I wasn't even sure if there were specific equations to use...I did figure out the problem, but I just did so by logic...kinda.

The Attempt at a Solution


So for Part A, I first converted the 6.79 g of CH4 to mols, and I got about 0.423 mols. Since I didn't remember if there was a formula for this or not, I kind of just logically figured out to multiply by the -802 kJ/mol, so that mols would cancel out. I then divided by the temperature change, 10.08 degrees C, so that my units would be in kJ/C...which is what heat capacity is measured in.

I ended up getting -31.4 kJ/mol. When I compare this to the answer in my book, it's not supposed to be negative. I can't figure out why.

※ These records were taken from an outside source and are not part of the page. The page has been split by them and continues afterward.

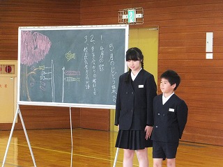 続いての児童集会では各委員会の活動計画を6年生が発表しました。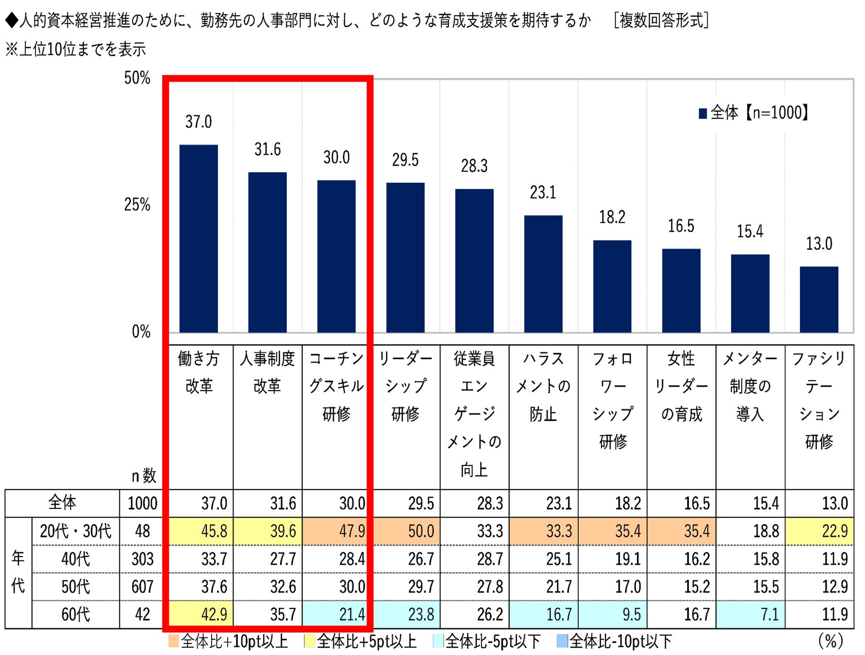 ・制度周りのハード面(働き方改革・人事制度)だけでなく、ソフト面(コーチングスキル研修)に対する関心の高さもうかがえる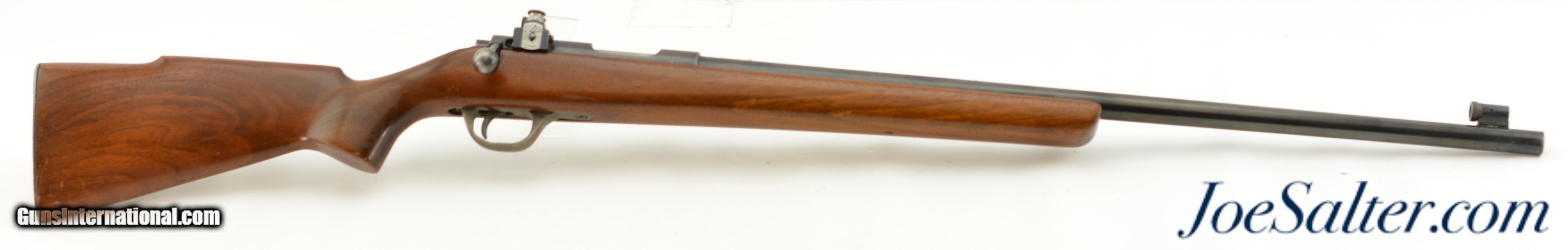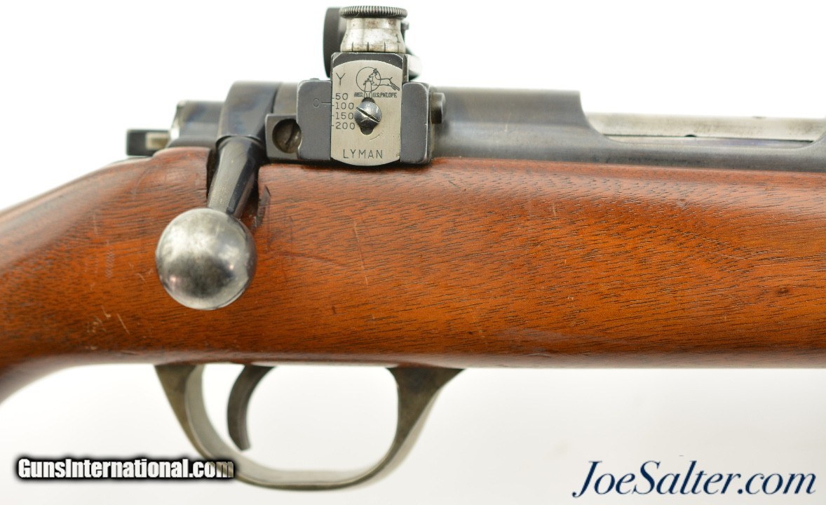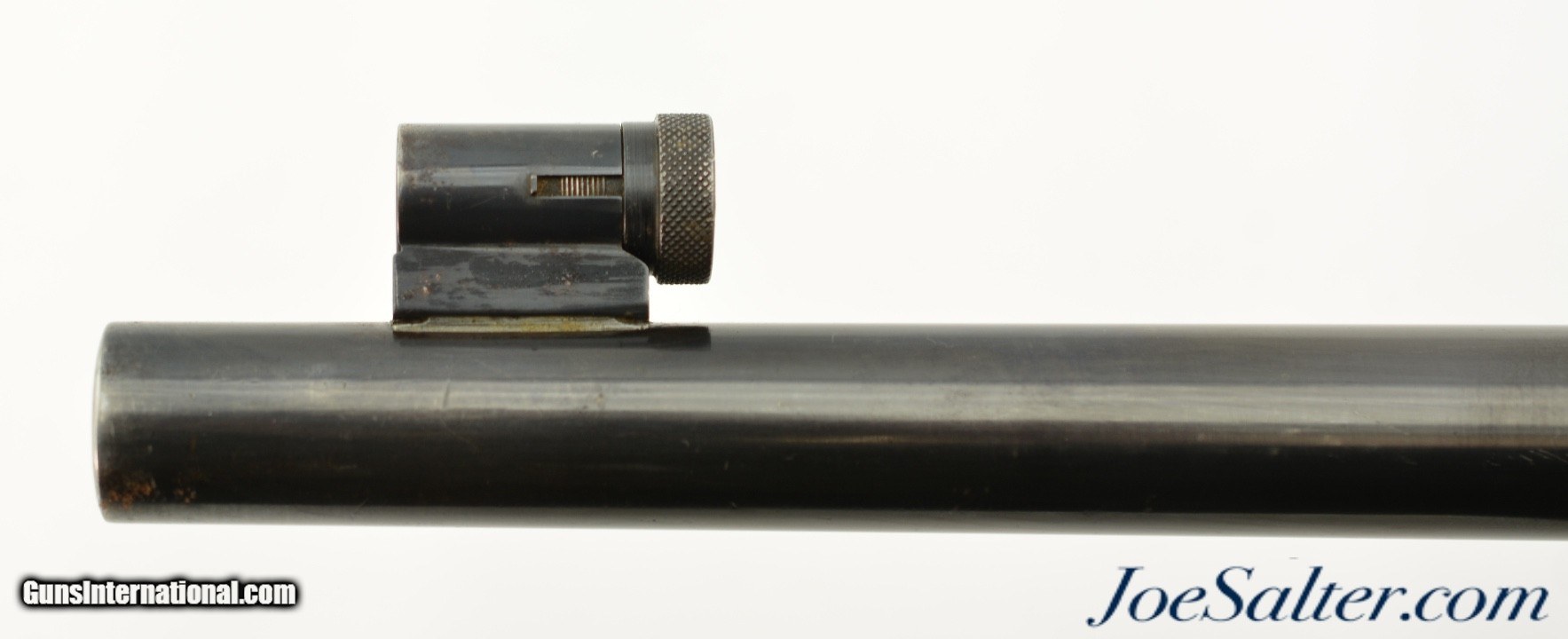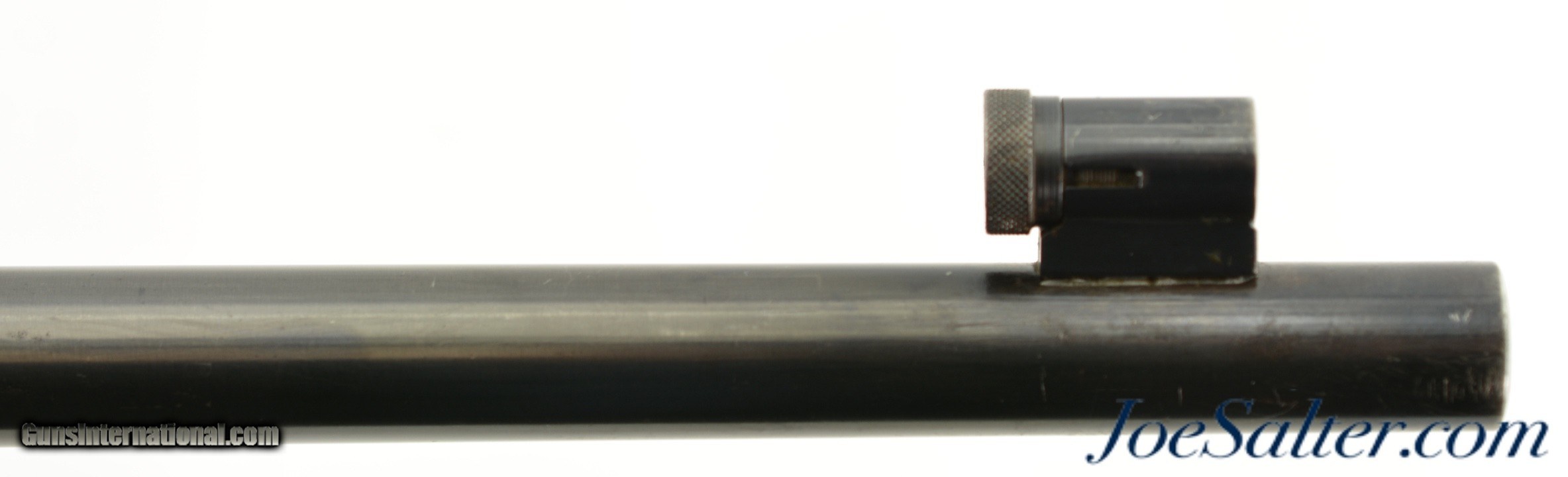 Description: Serial #22680, .22 LR, 25 ½ inch barrel with a bright, excellent bore. This is the Walther single shot "Sportmodell" target rifle that is Crown "N" nitro proofed manufactured in pre-war Germany featuring a heavy barrel and three position safety. In very good condition the barrel and action retain about 80-85% of a nicely done re-finished blue with scattered light use marks and scratches. The walnut stock is solid with light surface level scratches and contusions. It is sighted with a receiver mounted Lyman aperture peep sight and is drilled and tapped on the barrel for optics. The action functions properly and has a great trigger with light, crisp pull. A very well built Walther target rifle. FFL or C&R; Curio/Relic: Yes Price: $745.00 Contact Seller |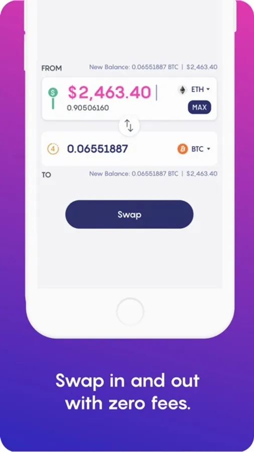 Swap between supported cryptocurrencies and tokens, instantly, easily, and with zero fees. You can use Swap to quickly react to the market, rebalance your portfolio, take profits, and get exposure to new coins.

For Part B, I basically used the same process. I looked at all of the data I had, and saw that I needed to get to kJ/mol. I converted the 12.6 g C2H2 to mols; I got about 0.483 mols. I took my answer from Part A, -31.4 kJ/C, and multiplied by the 16.9 degree temp change to cancel out celcius. I then divided by the mols to get -1098.67 kJ/mol.

So...why are my signs wrong? I believe all of the actual math is right. And is there a specific formula or easy way to do this?

Also, when it says "energy of combustion"...is that E, for energy, or H, for heat? Thanks!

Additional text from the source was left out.